Longer example: AR1-system and unidirectionally coupled logistic maps

In this example we generate realizations of two different systems where we know the strength of coupling between the variables. Our aim is to compute Shannon mutual information $I^S(X; Y)$ (MIShannon) between time series of each variable and assess how the magnitude of $I^S(X; Y)$ changes as we change the strength of coupling between $X$ and $Y$. We'll use two systems that ship with CausalityTools.jl:

  • A stochastic system consisting of two unidirectionally coupled first-order autoregressive processes (ar1_unidir)
  • A deterministic, chaotic system consisting of two unidirectionally coupled logistic maps (logistic2_unidir)

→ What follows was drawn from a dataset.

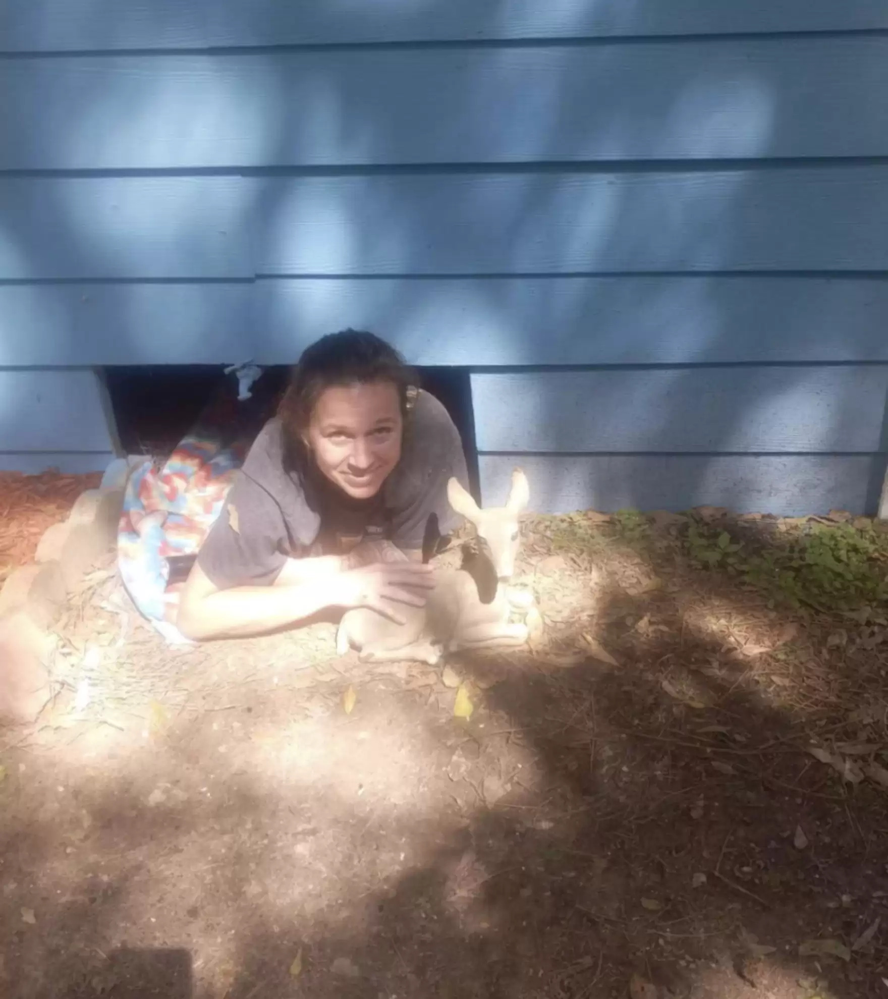 2023年05月12日日前美國一名野生動物救援人員接獲通報,稱有一隻幼鹿被困在空屋底下。她迅速趕到現場,費盡千辛萬苦鑽進房屋下窄矮的縫隙,最後卻發現趴臥在角落的不是鹿,甚至完全沒有救援的必要。她爬出來後無奈笑說:「這真的很蠢,但沒有小鹿受傷也讓我鬆了一口氣!」

We use the default input parameter values (see AR1Unidir and Logistic2Unidir for details) and below we toggle only the random initial conditions and the coupling strength parameter c_xy. For each value of c_xy we generate 1,000 unique realizations of the system and obtain 500-point time series of the coupled variables.

To estimate the mutual information, we use the binning-based ValueHistogram estimator. We summarize the distribution of $I(X; Y)$ values across all realizations using the median and quantiles encompassing 95 % of the values.

using CausalityTools
using Statistics
using CairoMakie

# Span a range of x-y coupling strengths
c = 0.0:0.1:1.0

# Number of observations in each time series
npts = 500

# Number of unique realizations of each system
n_realizations = 1000

# Get MI for multiple realizations of two systems,
# saving three quantiles for each c value
mi = zeros(length(c), 3, 2)

# Define an estimator for MI
b = RectangularBinning(4)
estimator = ValueHistogram(b)

for i in 1 : length(c)

    tmp = zeros(n_realizations, 2)

    for k in 1 : n_realizations

        # Obtain time series realizations of the two 2D systems
        # for a given coupling strength and random initial conditions
        s_logistic = system(Logistic2Unidir(; xi = rand(2), c_xy = c[i]))
        s_ar = system(AR1Unidir(xi = rand(2), c_xy = c[i]))
        lmap = first(trajectory(s_logistic, npts - 1, Ttr = 500))
        ar1 = first(trajectory(s_ar, npts - 1))

        # Compute the MI between the two coupled components of each system
        tmp[k, 1] = mutualinfo(MIShannon(), estimator, lmap[:, 1], lmap[:, 2])
        tmp[k, 2] = mutualinfo(MIShannon(), estimator, ar1[:, 1], ar1[:, 2])
    end

    # Compute lower, middle, and upper quantiles of MI for each coupling strength
    mi[i, :, 1] = quantile(tmp[:, 1], [0.025, 0.5, 0.975])
    mi[i, :, 2] = quantile(tmp[:, 2], [0.025, 0.5, 0.975])
end

# Plot distribution of MI values as a function of coupling strength for both systems
fig = with_theme(theme_minimal()) do
    fig = Figure()
    ax = Axis(fig[1, 1], xlabel = "Coupling strength", ylabel = "Mutual information")
    band!(ax, c, mi[:, 1, 1], mi[:, 3, 1], color = (:black, 0.3))
    lines!(ax, c, mi[:, 2, 1], label = "2D chaotic logistic maps", color = :black)
    band!(ax, c, mi[:, 1, 2], mi[:, 3, 2], color = (:red, 0.3))
    lines!(ax, c, mi[:, 2, 2],  label = "2D order-1 autoregressive", color = :red)
    return fig
end
fig

As expected, $I(X; Y)$ increases with coupling strength in a system-specific manner.